Lecture 6:
Texturing Part II:
Texture Compression

Visual Computing Systems
CMU 15-869, Fall 2013
Review: mechanisms to reduce aliasing in the graphics pipeline

- When sampling visibility?
  - Supersampling: sample signal densely (multiple times per pixel)

- When sampling shading? (appearance)
  - Prefiltering: remove high frequencies from texture signal prior to shading
Review: operations in a texture fetch

For each texture fetch in a shader program:

1. Compute du/dx, du/dy, dv/dx, dv/dy differentials from quad fragment
2. Compute mip-map level: d (for tri-linear filtering)
3. Convert normalized texture coordinate uv to texel coordinates: tu, tv
4. Compute required texels **
5. If texture data in filter footprint (eight texels for trilinear filtering) is not in cache
   - Load texel data from DRAM
   - Decompress texel data
6. Perform tri-linear interpolation according to (tu, tv, d) to get filtered texture sample

A texture fetch involves both data access and also significant amounts of computation: all modern GPUs have dedicated fixed-function hardware support for texture sampling and texture decompression.

** May involve wrap, clamp, etc. of texel coordinates according to sampling mode configuration
What type of data reuse does a texture cache capture?

- **Spatial locality, not temporal locality**
  - The same texels are required to filter texture fetches from adjacent fragments (due to overlap of filter support regions)
  - Little-to-no temporal locality within a fragment shader (little reason for a shader to access the same part of the texture map twice)

Figure shows filter support regions from texture fetches from four adjacent fragments.
Texture data access characteristics

- Key metric: unique texel to fragment ratio
  - Number of unique texels accessed when rendering a scene divided by number of fragments processed [see Igeny reading for stats: often less than < 1]
  - What is the worst case ratio? (assuming trilinear filtering)
  - How can incorrect computation of texture miplevel (d) affect this?

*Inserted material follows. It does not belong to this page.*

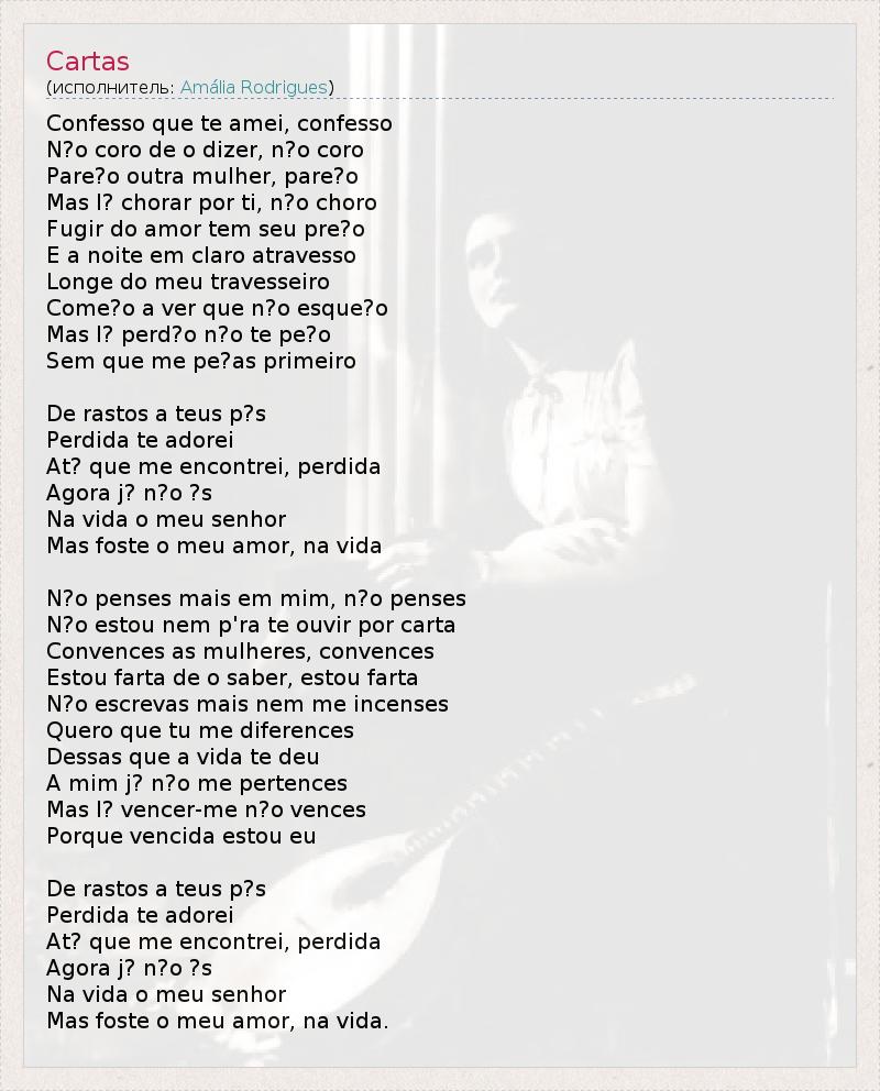Confesso que te amei, confesso N?o coro de o dizer, n?o coro Pare?o outra mulher, pare?o Mas l? chorar por ti, n?o choro Fugir do amor tem seu pre?o E a noite em claro atravesso Longe do meu travesseiro Come?o a ver que n?o esque?o Mas l? perd?o n?o te pe?o Sem que me pe?as primeiro De rastos a teus p?s Perdida te adorei At? que me encontrei, perdida Agora j? n?o ?s Na vida o meu senhor Mas foste o meu amor, na vida N?o penses mais em mim, n?o penses N?o estou nem p'ra te ouvir por carta Convences as mulheres, convences Estou farta de o saber, estou farta N?o escrevas mais nem me incenses Quero que tu me diferences Dessas que a vida te deu A mim j? n?o me pertences Mas l? vencer-me n?o vences Porque vencida estou eu De rastos a teus p?s Perdida te adorei At? que me encontrei, perdida Agora j? n?o ?s Na vida o meu senhor Mas foste o meu amor, na vida.

- In practice, caching behavior is good, but not CPU workload good
  - [Montrym & Moreton 95] design for 90% hits
  - Why? (only so much spatial locality)

- Implications
  - GPU must have solution for memory access latency
  - GPU must provide high memory bandwidth for texture data access
  - GPU must reduce its bandwidth requirements using texture compression
Texture compression
Texture compression

- Goal: reduce bandwidth requirements of texture access
- Texture is read-only data
  - Compression can be performed offline, can take significantly longer than decompression
  - Lossy compression schemes are permissible

- Design requirements
  - Support random texel access (constant time access to any texel)
  - High performance decompression
  - Simple algorithms (low-cost hardware implementation)
  - High compression ratio
  - High visual quality
Simple scheme: color palette (indexed color)

- Lossless (if images contain small number of unique colors)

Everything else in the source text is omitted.